* Required work *
Copy word for word the line containing "Fully reinforce horizontal seams" together with all lines following it to the end of the listing below, without the pictures.

BEGIN Supplied records

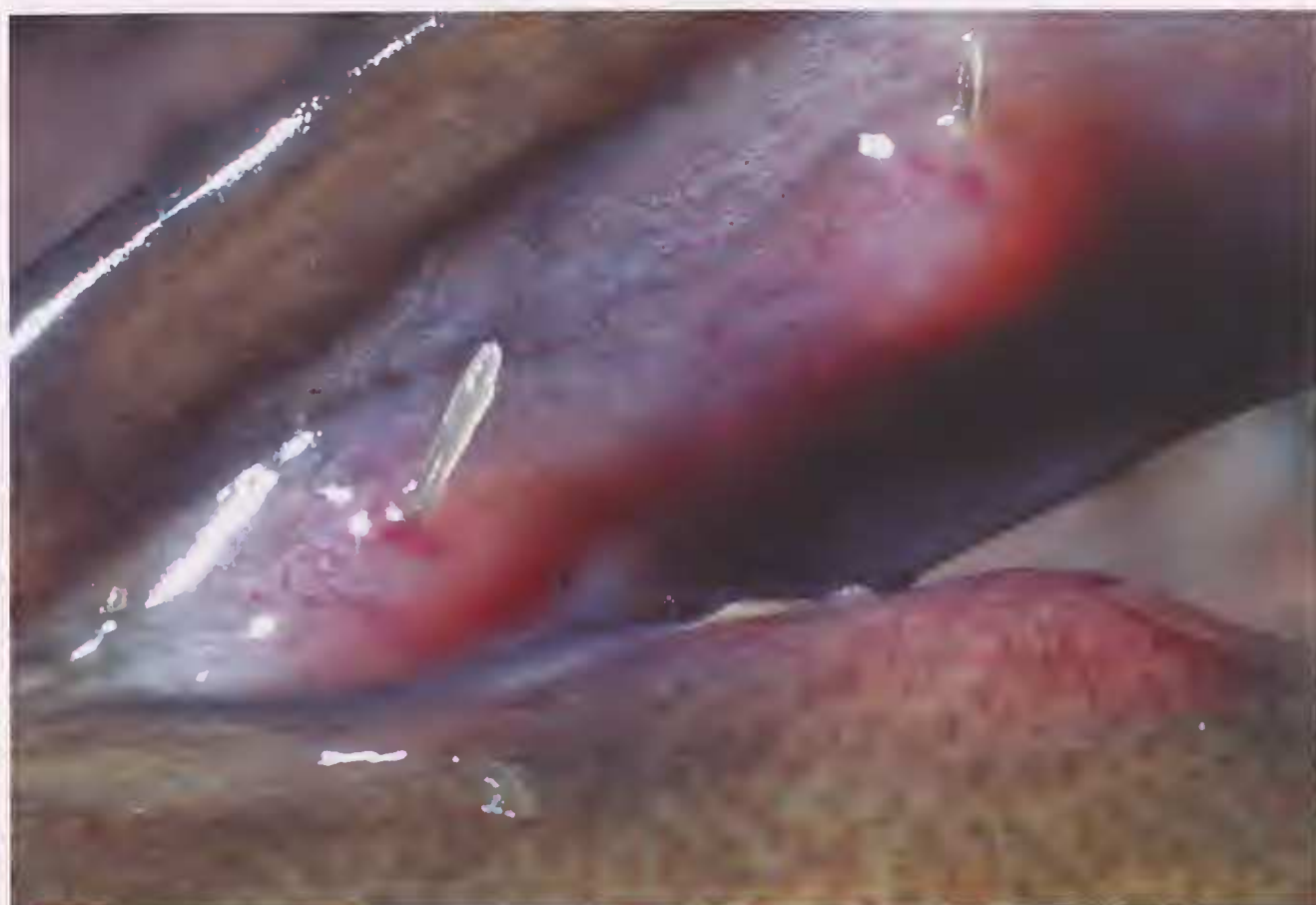
Figure 2. Ulcerated lesions at the site of attachment of female anchor worms to a freshwater cobbler ( Tandanus bostocki ) host.

freshwater cobbler, Tandanus bostocki Whitley) and three introduced fish species (goldfish, Carassius auratus L.; eastern mosquitofish, Gambusia holbrooki (Girard); and one-spot livebearer, Phalloceros caudimaculatus (Hensel)) were infested at the two localities. Prevalences differed between fish species, with the native species G. occidentalis and E. vittata being most heavily infested (Table 2). For these two species, infested fish tended to be
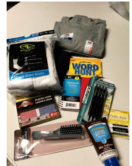
Santa visits the lodge during Kids Christmas Party. Right: Some of the donations made to Hastings Veterans Home for Christmas Stockings through our ENF Freedom Grant. Below: Some of our fabulous volunteers helping out during Holiday Stroll
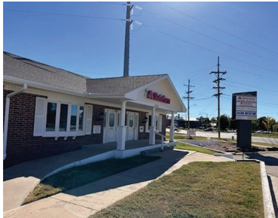
Main Level Suite - 1200 SF

Neighbors include: Comcare, Bank of Tescott, Sunflower Bank, Waddell & Reed Financial Svcs, Bennington State Bank, Great Plains Federal Credit Union
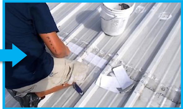
Fully reinforce horizontal seams
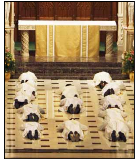
Above: Ordinands prostrate themselves

But how can ordinary human beings, with all their weaknesses and failings, be 'walking sacraments' of Christ? All ministry
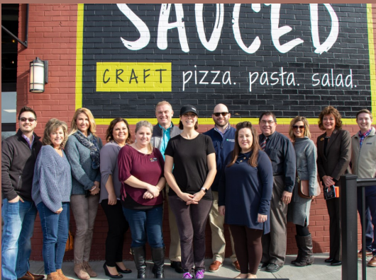
Sauced Craft Pizza, Pasta & Salad 202 South Broad Street

END Supplied records

* Exercise response *
Fully reinforce horizontal seams
Above: Ordinands prostrate themselves

But how can ordinary human beings, with all their weaknesses and failings, be 'walking sacraments' of Christ? All ministry
Sauced Craft Pizza, Pasta & Salad 202 South Broad Street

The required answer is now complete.